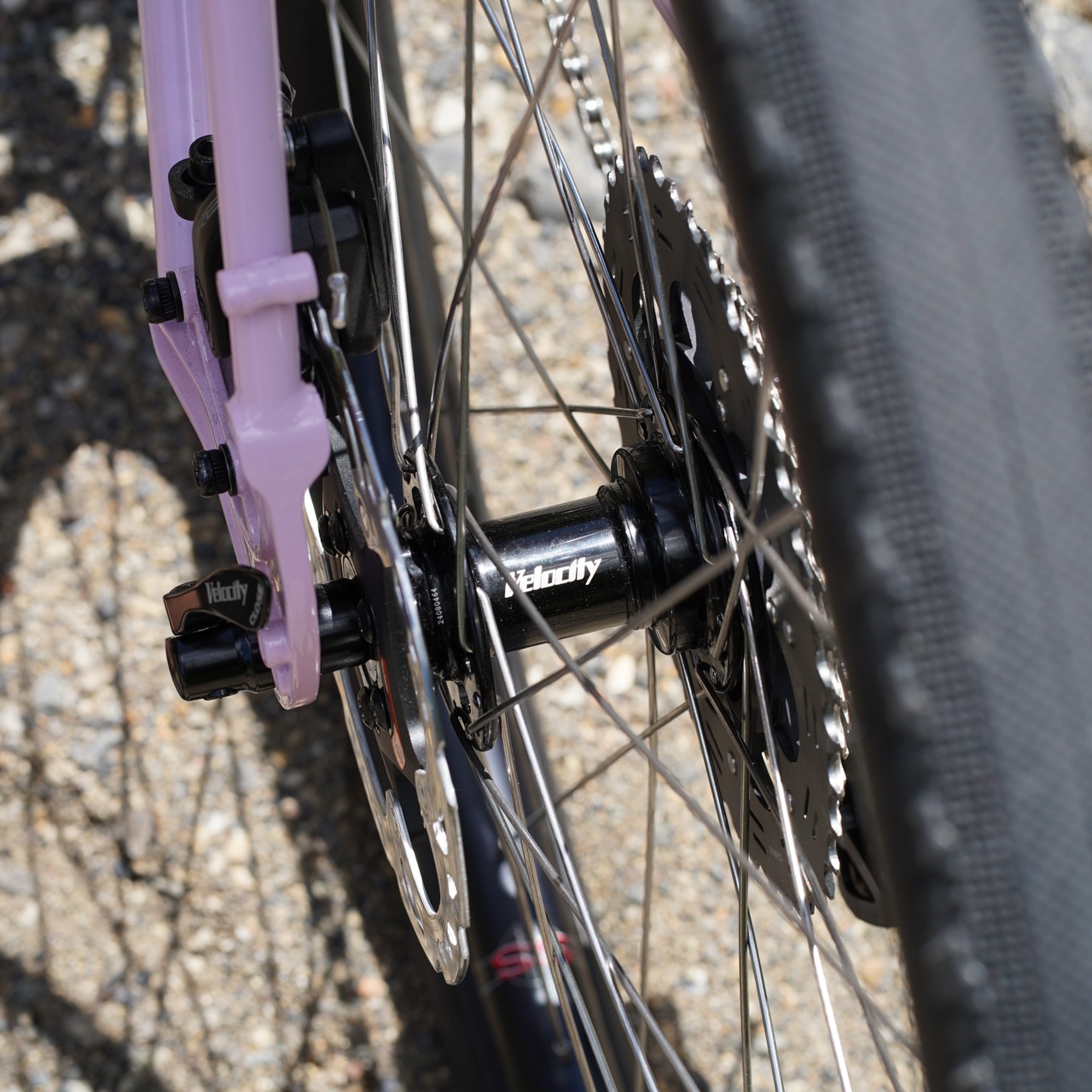650Bグラベルならおススメ度No.1軽量リム、VELOCITY BLUNT SSに同社RACE HUBを組み合わせ。
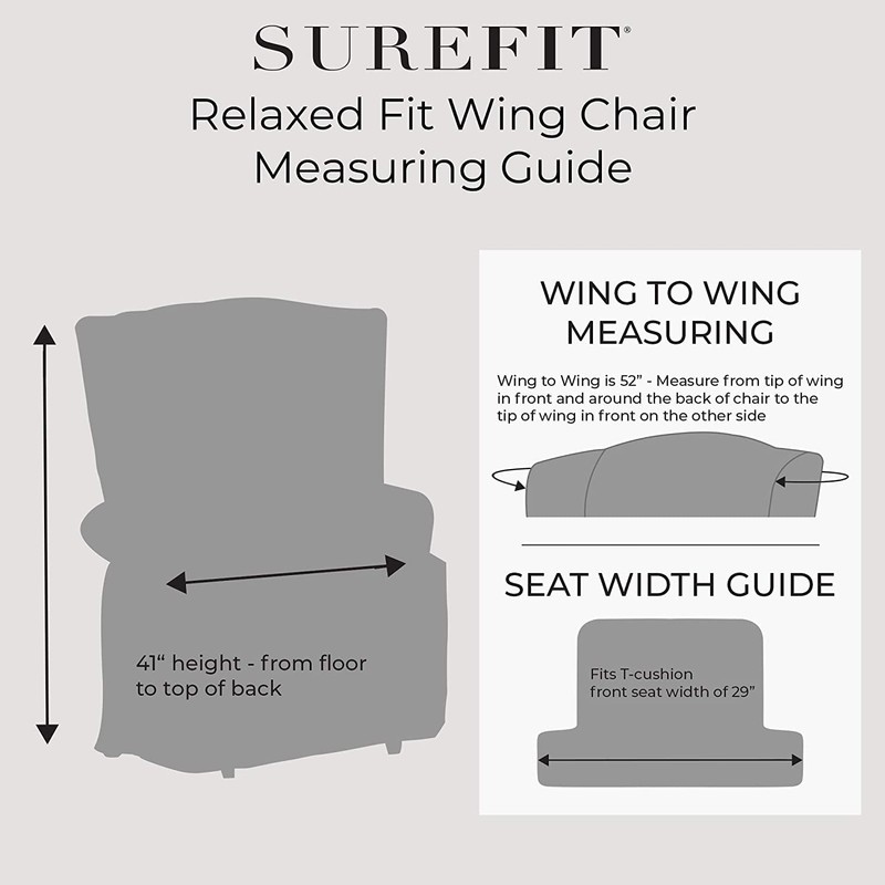 - DESIGNED WITH YOU IN MIND: Best fits wing chairs with 29-32” W (outside arm to outside arm), 36-45” Tall, 44-52” wing point to point (measure from 1 wing point around the back to other wing point), form fit arm up to 14”
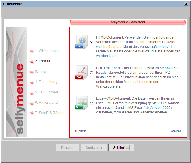 Je nach Formatauswahl durchlaufen Sie die Schritte 1-7 unterschiedlich:
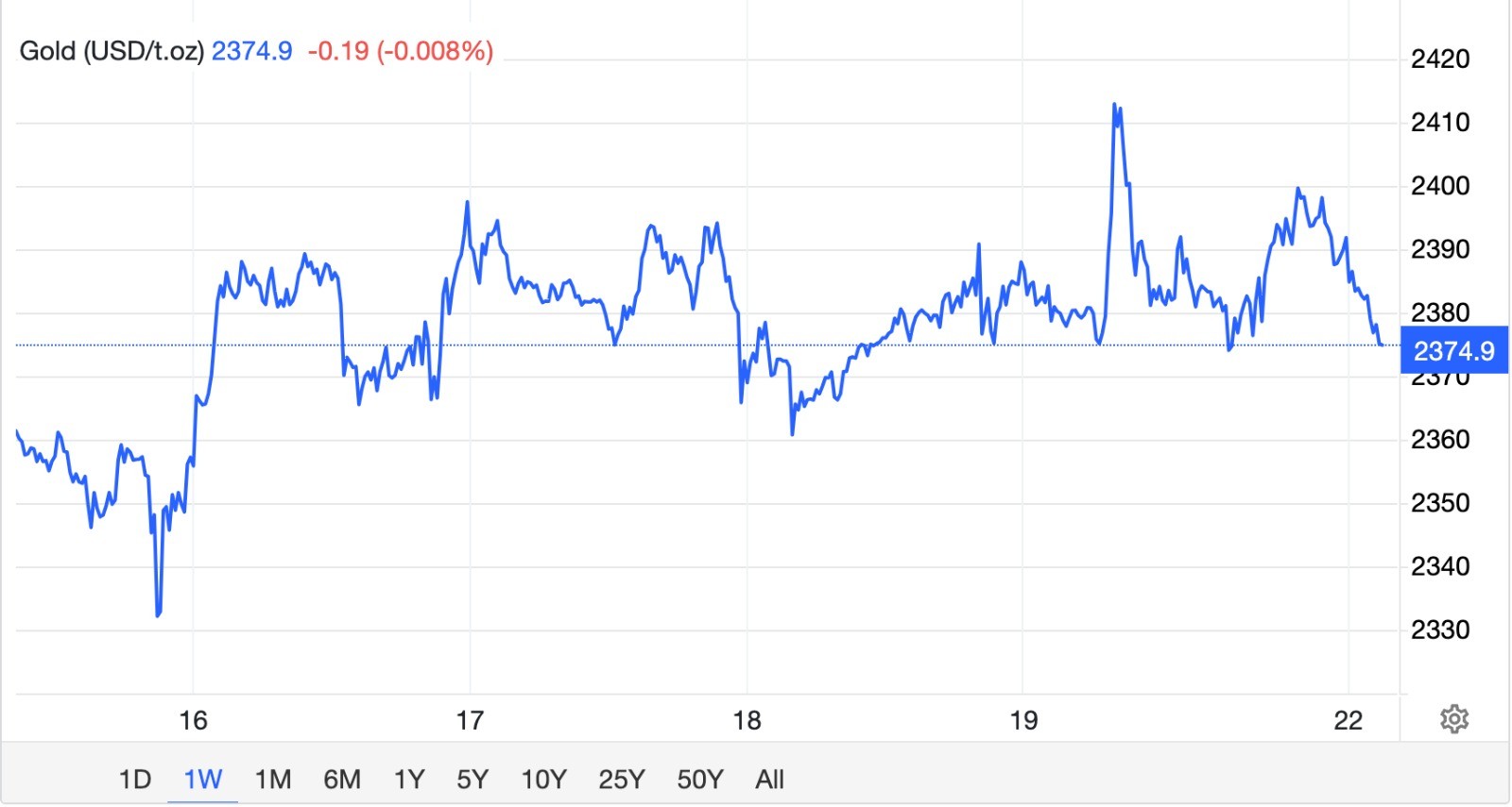Sebelumnya, emas naik melampaui USD2.410 per troy ons pada Jumat (19/4), kembali menyentuh rekor tertinggi baru (new all-time high/ATH).
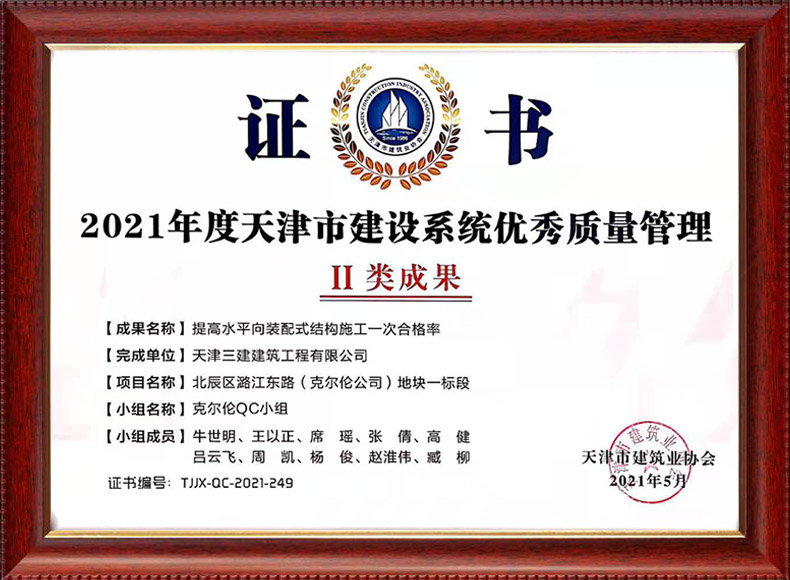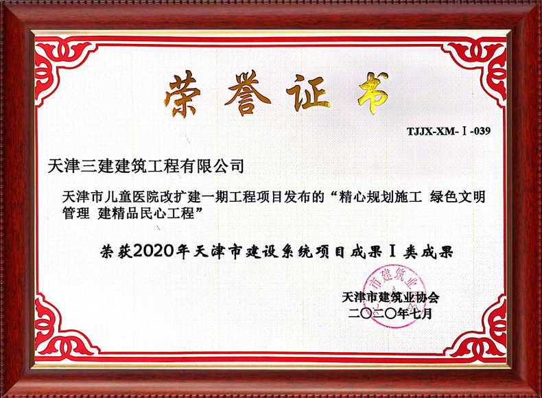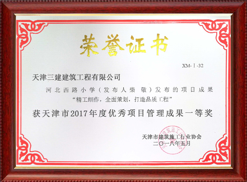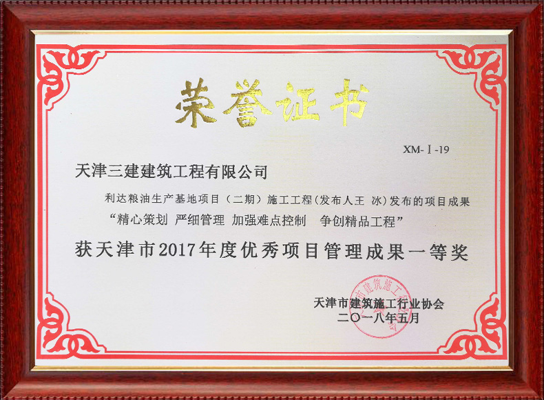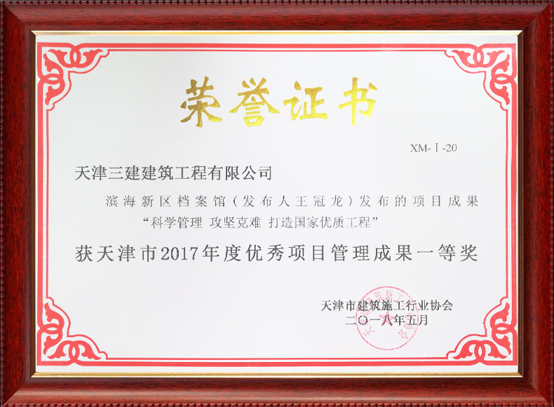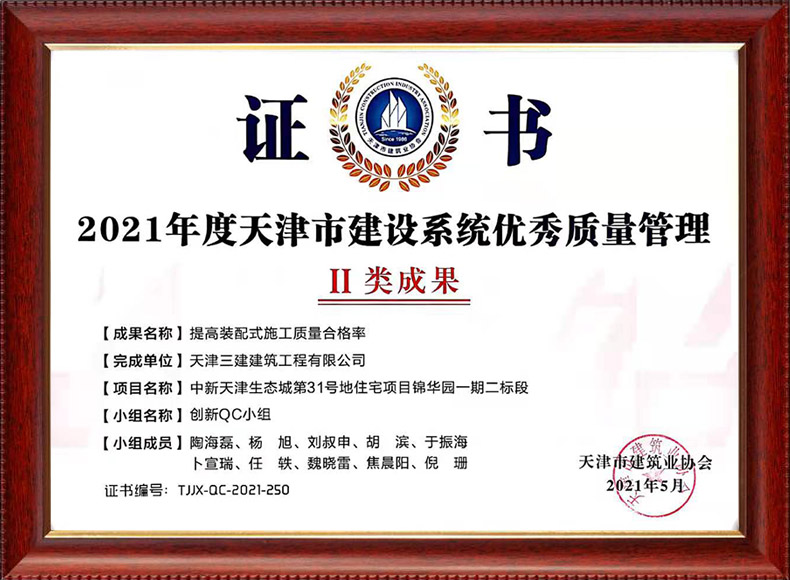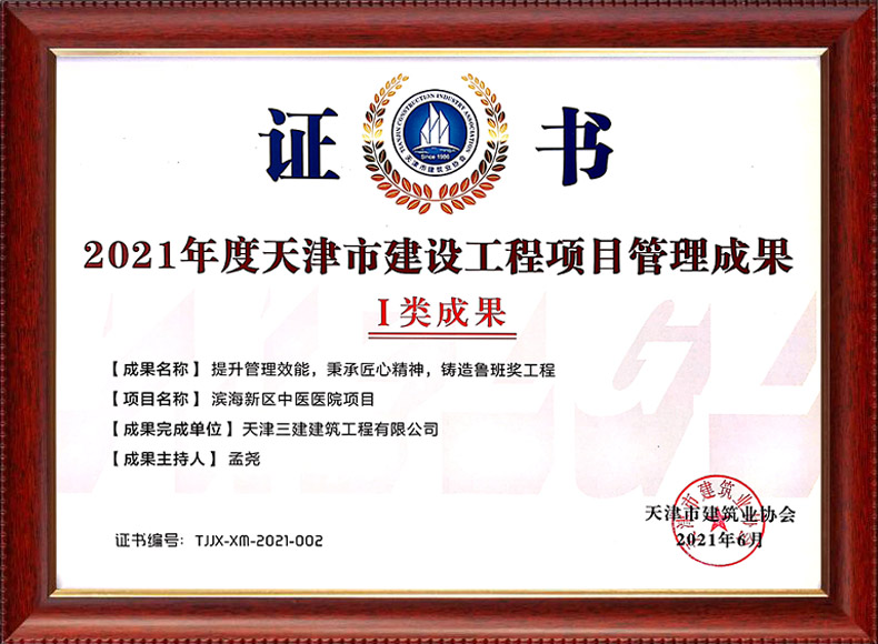 三建公司共獲得科技成果等各項獎項74項,其中中施企協類6項,中國建筑協會獎項6項,政府類2項,其他類17項。獲得天津市科學技術委員會等級科技成果43項。

================

* _ACTION ITEM_
Could you repeat, exactly and with nothing else, the lines from the one containing "Je nach Formatauswahl" through the last line of the records above, leaving out the pictures?

* _REPLY TO THE EXERCISE_
 Je nach Formatauswahl durchlaufen Sie die Schritte 1-7 unterschiedlich:
Sebelumnya, emas naik melampaui USD2.410 per troy ons pada Jumat (19/4), kembali menyentuh rekor tertinggi baru (new all-time high/ATH).
 三建公司共獲得科技成果等各項獎項74項,其中中施企協類6項,中國建筑協會獎項6項,政府類2項,其他類17項。獲得天津市科學技術委員會等級科技成果43項。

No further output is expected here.